The Future of Archives

Storage, storage storage. It seems we are always running out of space and in the midst of material chaos. Reading through Lischer-Katz article it felt like I have read all of this before. Actually my perception is that all I have read about archives lately talks about the same points. Firstly, the question of the immateriality of digital material. Second, the ecological impact of not only maintaining the new infrastructures to store and preserve digital media, but also the impact of our analog media material that needs to be discarded. And Finally, the worry that a significant amount of our analog collections and in the future even our digital collections will be lost.

A fascinating aspect of this moment in archival history is that I can’t stop but think about how the archives have always been overlooked and seen as transparent, even before the digitization era. Before digitization maybe because it was too big and in your face and now because through digitization everything gets sent away to the “Cloud”. With this transparency that follows archives a worry surfaces. What is the future of archives and how will archivists, scholars and the public’s relationships to it change? Will we loose the archives as we know it?

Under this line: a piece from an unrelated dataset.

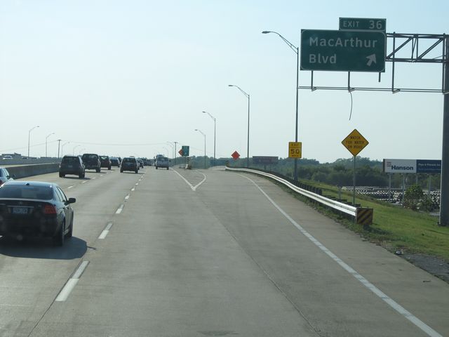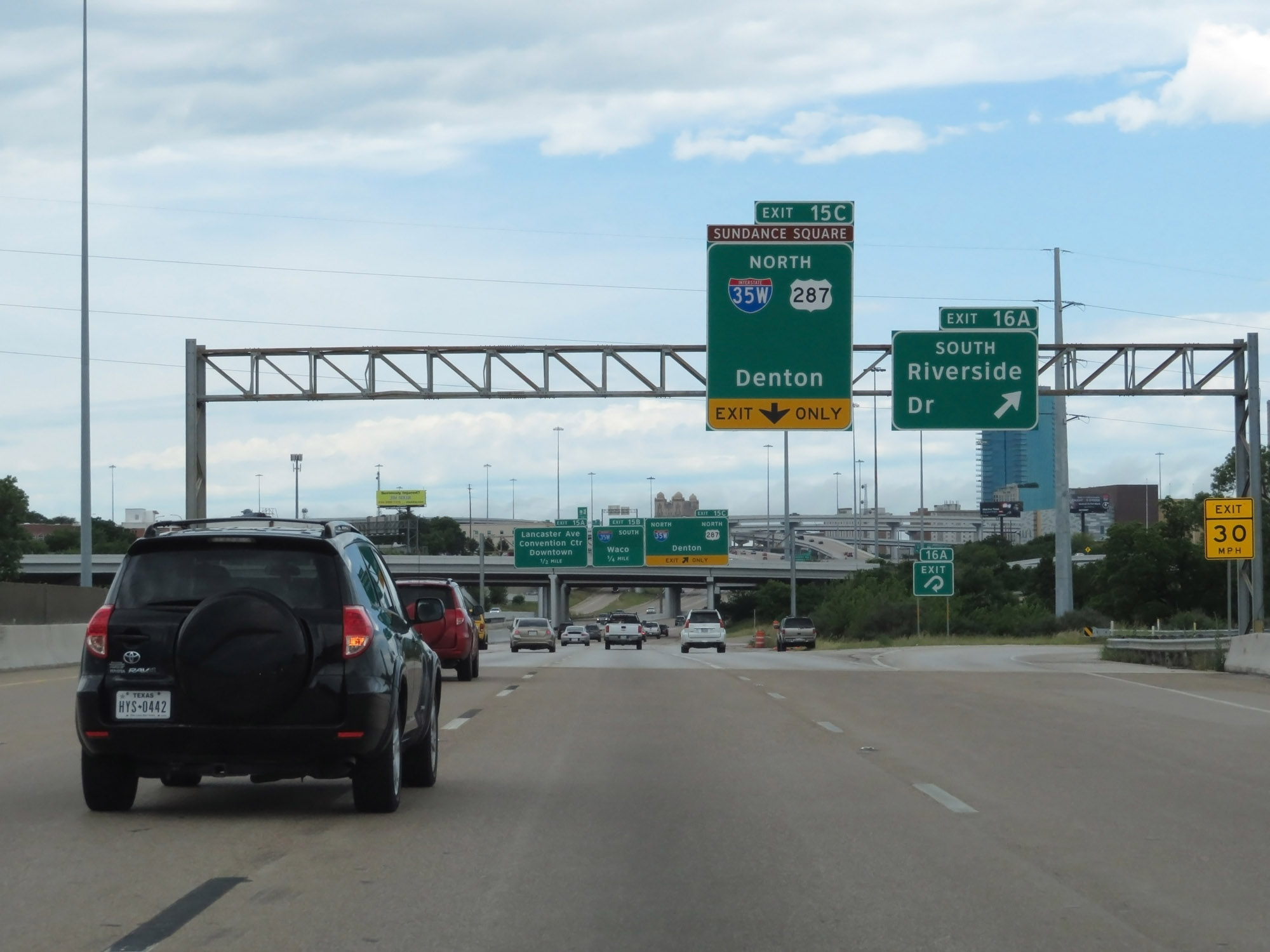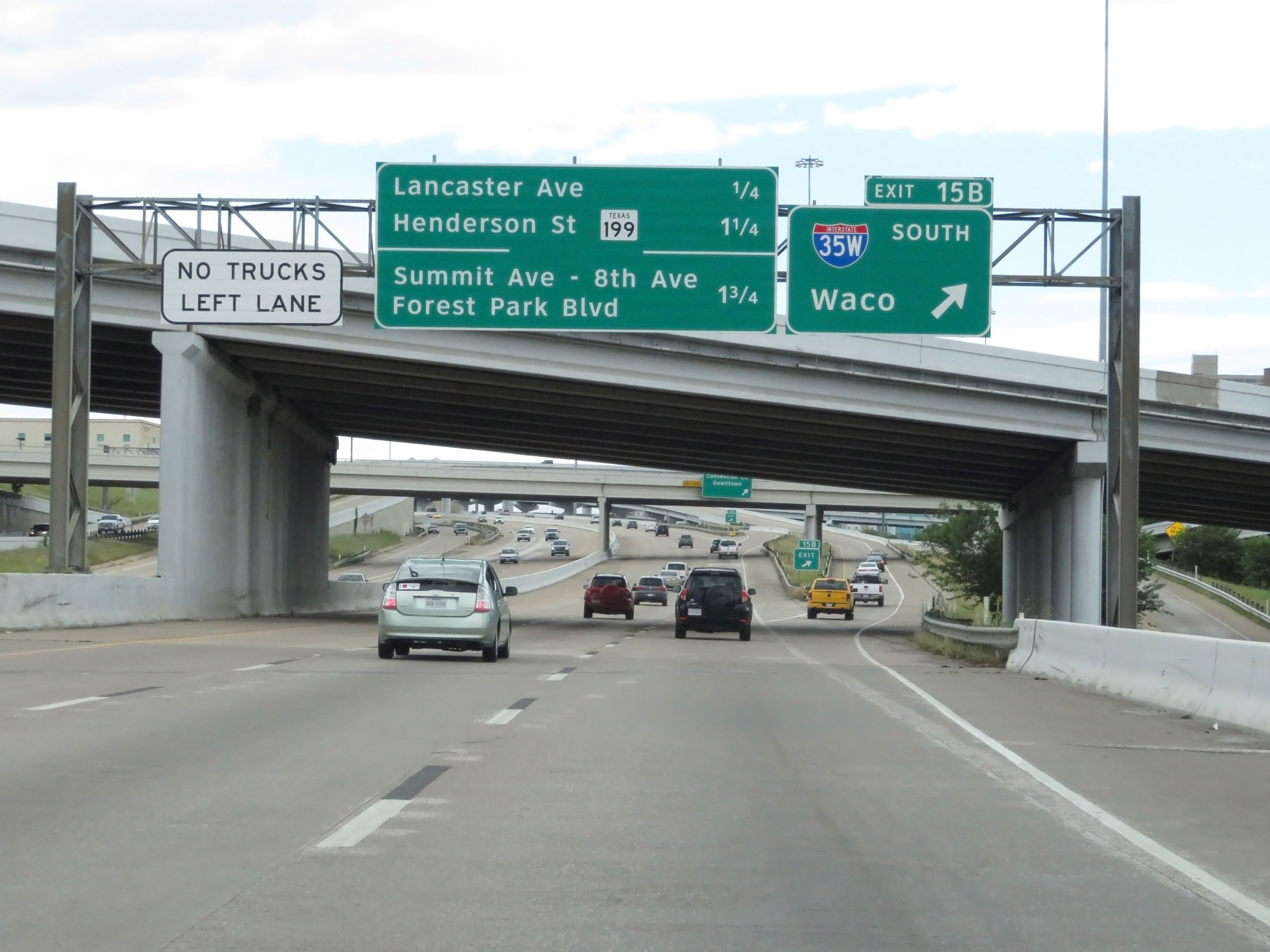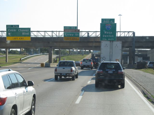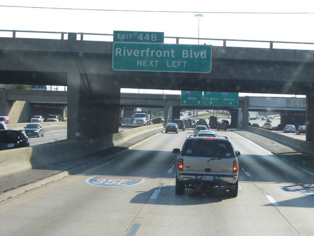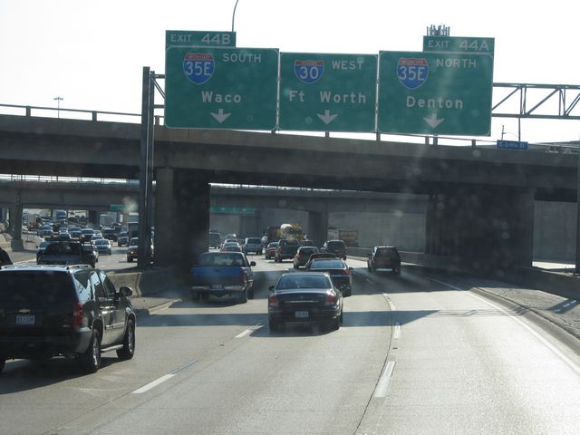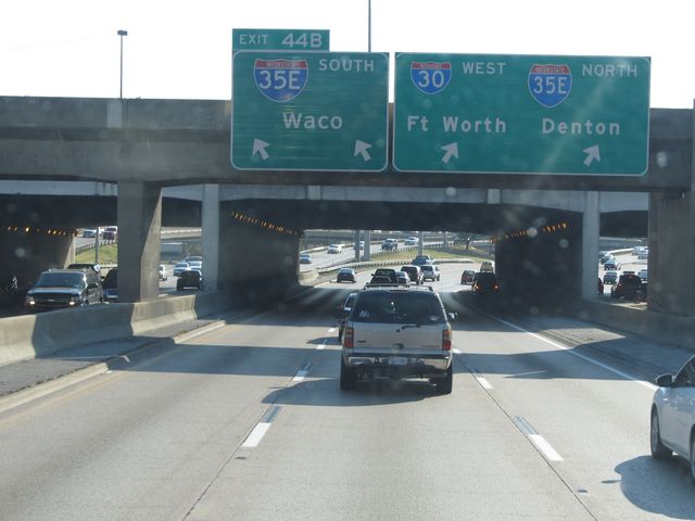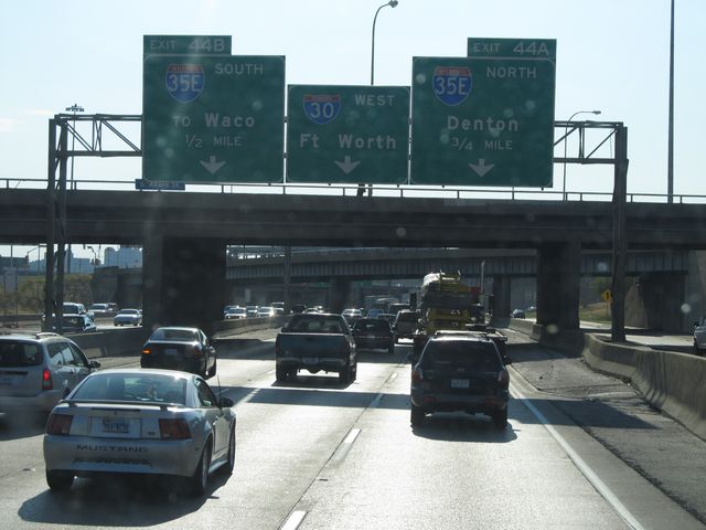 |  | Things get a little bit hectic here. If you are taking Exit 44B (Interstate 35E South - Waco), you should get in the leftmost lane. To stay on Interstate 30 West, get in the center lane. For Exit 44A (Interstate 35E North - Denton), stay in the rightmost lane.  (Photo taken 9/21/11). |

On the other hand, the ecological aspects are clearly not addressed as often making it more difficult to come to a well rounded solution for this reality. We talk about the problems that we know so well, but what are we going to do about it? It’s like we are in a constant loop of recycled conversation.

One Reply

  • Thanks! Yes, we have heard this before. I suggested we read this super-short piece at mid-semester because it recaps much of what we’ve already discussed, using a lot of our familiar metaphors!